The Cabin at the End of the World plays out at a break-neck pace, with its events taking place over the course of one frightening day. We’re introduced to a seven-year-old girl named Wen, adopted from China by a gay couple (Daddy Eric and Daddy Andrew). Wen is an inquisitive kid who takes the family’s vacation to off-the-grid New Hampshire seriously, studying grasshoppers and having fun being away from school. While she’s out collecting bugs, she’s approached by a large man named Leonard, who tells her that he wants to be her friend, and that he and his friends need to have a chat with the family. She flees to the house, and her parents try unsuccessfully to keep the four people — Leonard, Redmond, Sabrina, and Adriane — out.
Once the four invaders are inside, they tell the frightened family that they don’t want to hurt them, but they have an important mission: one member of the family must be voluntarily sacrificed. If they don’t, the apocalypse will come.
Like Tremblay’s other books, The Cabin at the End of the World never really spells out whether or not the novel really has supernatural overtones to it, or if it’s just people doing horrifying things to others. The invaders claim to have come together after having visions of the cabin, meeting on an internet forum before uniting to carry out their God-given task. When their victims don’t believe them, Leonard shows television footage of a tsunami, saying that the disaster is proof that their story — implausible as it is — is true. The family is appalled at the idea of sacrificing one of its members, but the horror is accompanied by some doubt: what if something terrible does happen if they refuse?
Tremblay’s ambiguity about the novel’s terrifying premise hints at a commentary about the nature of misinformation and the lengths that people will go to believe outlandish things. These four invaders aren’t necessarily die-hard conspiracy theorists, but they do put together bits of news from around the world, that aren’t otherwise connected, into a story of a coming apocalypse, and seek out a way that they can potentially control the fate of the world around them.
Viewed from outside their bubble, the story is ridiculous. But it’s got plenty of real-world analogues — from sensational conspiracies like Pizzagate and the supposed Jade Helm military takeover to the more superficially respectable rejection of climate change science. Aided by bellowing online commentators pushing their own agenda and warped worldview, people put together disparate pieces of information into semi-plausible stories.

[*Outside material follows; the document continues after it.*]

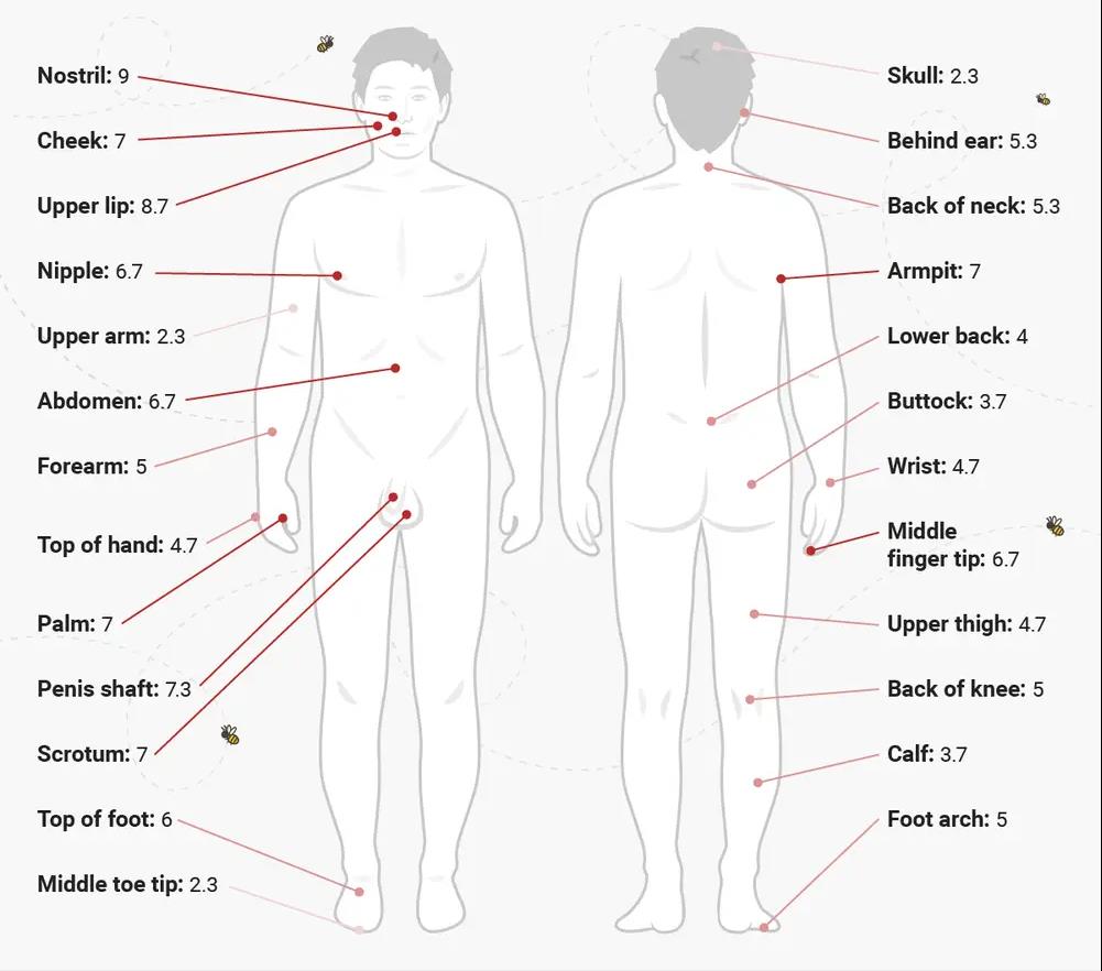 人体部位的疼痛耐性肯定是不一样的。一个叫史密斯(Michael Smith)的小哥,决定完善施密特蜇伤疼痛指数,他打算进行一项实验,以确定疼痛是否以及如何随刺痛部位而变化。

The Cabin at the End of the World would be scary enough as a supernatural story about four people proclaiming to be the messengers of the apocalypse. But seeing four well-intentioned people led astray by a collective, warped worldview is even more frightening in 2018. It’s frightening because it’s so plausible — and as a father of a kid around Wen’s age, this book depicts a scenario that’s literally kept me up at night and been the fuel for nightmares. A group of vastly different people meeting through the internet and going off to force a family to go through an unthinkable experience isn’t the stuff of horror fiction; it’s something that could happen now.
Good horror stories look at the world around us to draw inspiration as to what could go wrong, and with this book, Tremblay has penned a story that’s not only a nightmare as it plays out on the page, but one that’s grimly reflective of the times that we live in. It’s a gripping story, one that I really hope stays on the page.